Here are the logistics of the drawing. Get your comment in by the end of day Friday June, 25, and I will pick one comment at random to receive the signed copy of Successful Lace Knitting. I will also award one gift certificate for a Twist Collective pattern (you will be able to pick from any that they offer) to the person who makes me laugh and/or cringe the hardest with their comment.

*Note, no dogs were actually made to feel contrite to produce this blog post.


Freshman year of HS, 'Animal House' was the hit movie. My reward for successfully surviving the Jesuit drill sergeant approach to Algebra homework was sitting between my parents during a showing of Animal House at the local theater. I was mortified when Belushi hopped across the screen on the ladder.

when we lived in miami, my dad had a special beach tshirt that said "i am her father".
black socks and sandals to complete the outfit.

that is it, other than occassional torment he has always been wicked awesome.

It was the end of 7th grade, and I had started going out with my first boyfriend two weeks earlier. He walked me home after school, and kissed me for the first time when we were standing on the corner of my block. It was my first real kiss, and I was very much wrapped up in it when I heard giggling. My little sister was peering out from behind my parents with their mouths agape, just before my mom yelled, "Stephanie, remove your tongue from his mouth and get back in this house!" This is still legendary among my friends.

When I was 17 I had a major crush on a classmate. He drove me home on evening and while he was talking with my dad, my brother and my dad were having a 'fart contest' to see who could drive who out of the room. :-(

When I was a baby, my family went to a house warming party for my uncle. My dad liked to streak as a younger man, and he decided that he would do an inaugural streak to break in his brother's house. What dad didn't know was that there had been landscaping done overnight, with trees being planted around the front of the house. So, my dad picks me up to use as a cover-up, puts a paper bag on his head, and runs around the house, smack into one of the trees. Knocks himself out, drops me, all hell breaks loose. Good thing I don't remember it!

Oh, there are many embarrassing moments, but one that was pivotal was the time my mother took off her top and volunteered to be the dunkee and the Dunking booth at the local volunteer fireman fundraiser!
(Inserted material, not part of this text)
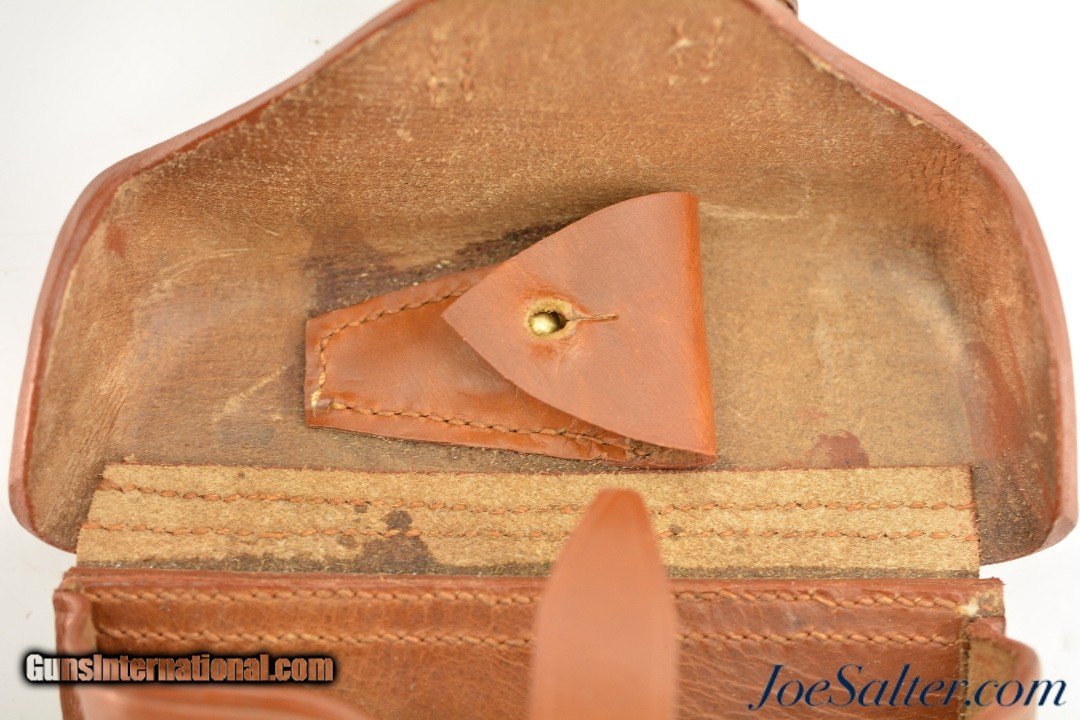 Description: This is a nice 1917 Luger leather Artillery Holster Reproduction. Heavy leather with tight stitching and brass hardware. This holster comes with a cleaning rod and P08 Luger Pistol Loading & Stripping Tool.; SOLD |

I was a freshman in college. Someone alerted me, I raced over and demanded she "get down from there right now!" She calmly informed me that she wasn't showing anything anyone hadn't seen before and if I thought she should get down, maybe I should purchase balls and see if I could arrange it - and besides, it was for a good cause! She was a funny, pragmatic, generous, wise woman and I miss her every day.
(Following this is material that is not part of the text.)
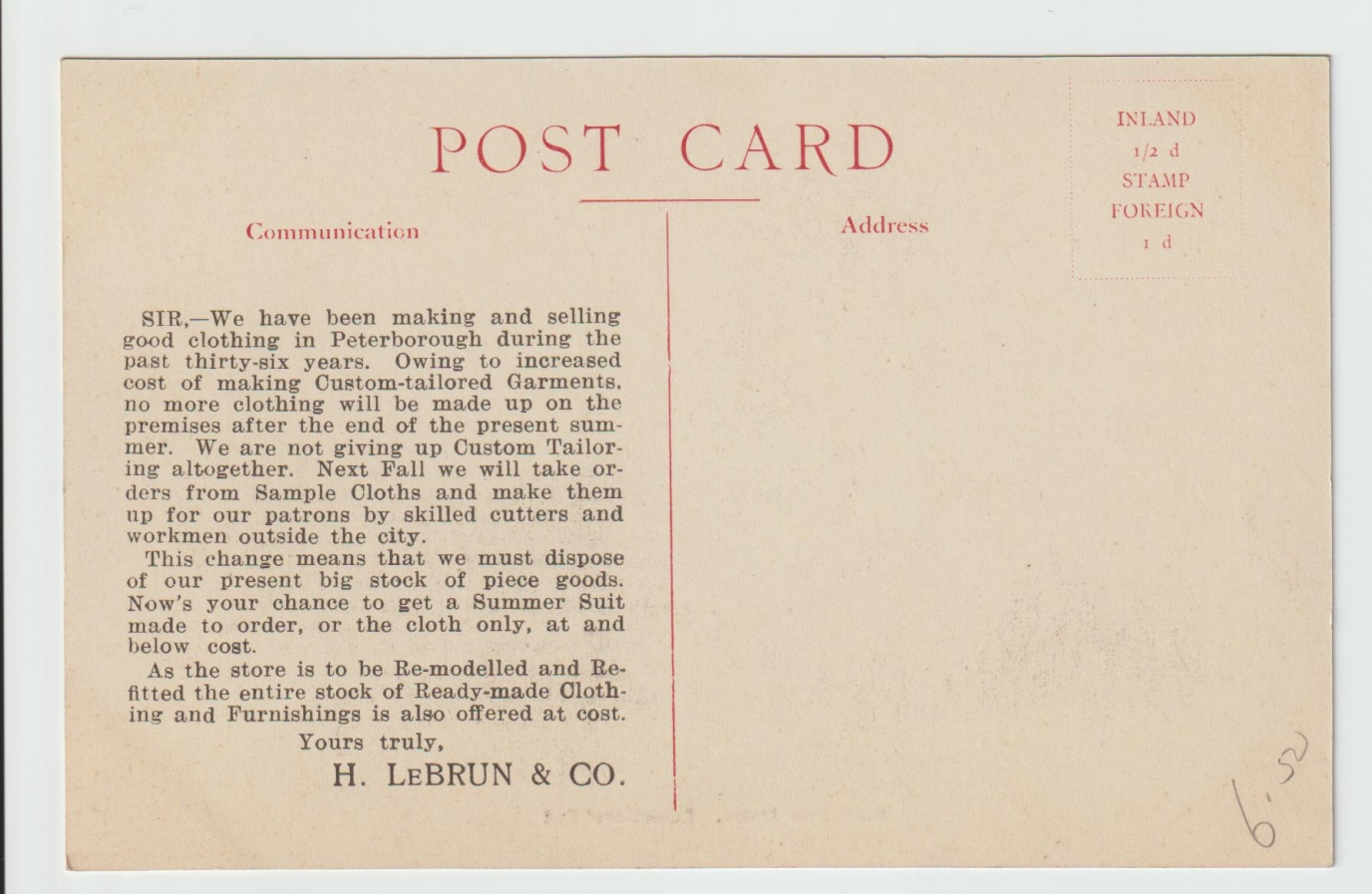 Left side filled with advertising for "H LeBRUN & Co" clothiers, Peterboro.  (see 2nd scan) Divided, unused, good condition.

I was in the second or third grade (mid-late 1950s), and a traveling Passion Play came to my small southern town. The troupe would pick children from each town to play the little Hebrew children on stage. How fitting for me, since I was a)chosen and b) one of only three Jewish children in the town.
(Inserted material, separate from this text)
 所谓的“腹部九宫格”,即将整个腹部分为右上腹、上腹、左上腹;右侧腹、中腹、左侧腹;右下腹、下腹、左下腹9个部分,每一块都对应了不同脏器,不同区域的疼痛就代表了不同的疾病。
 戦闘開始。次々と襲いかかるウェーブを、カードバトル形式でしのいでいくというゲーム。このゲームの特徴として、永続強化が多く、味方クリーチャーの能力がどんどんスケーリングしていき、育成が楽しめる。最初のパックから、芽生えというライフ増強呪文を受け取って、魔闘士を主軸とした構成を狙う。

We were supposed to run around barefoot, as was the style back in biblical times, and I, fast becoming a method actress, was so happy to be able to do that -

My Mom, right before the first performance, came rushing up backstage with a shoe box, insisting that I wear the contents because I shouldn't get splinters in my bare feet from the wooden floor, god forbid!

I refused, threw a minor tantrum, but Mom won - and there I was, a small Hebrew child, wearing black patent leather mary janes in the middle of all of Jesus' problems.

To this day it fills me with embarrassment!

As much as I'd love to win this book, for the life of me cannot think of a single moment where my parents have socially humiliated me. All through my formative and embarrassable years, I was one of the very fortunate kids who not only thought her parents were kinda cool, but whose friends did as well. Yeah, my parents have their daggy moments, but if you can't sit back and laugh along with them aren't you taking yourself a little too seriously? That's my take, anyway :D

Oh dear, there are so many. I guess the one that comes to mind -- and truly expresses my dad's sense of humor -- was in high school. I'd invited a bunch of friends over to watch My Girl, and sent my father out to Blockbuster to pick up the movie. Sadly, all copies were already checked out, so instead he brought back the his logical second choice: Attack of the Killer Tomatoes.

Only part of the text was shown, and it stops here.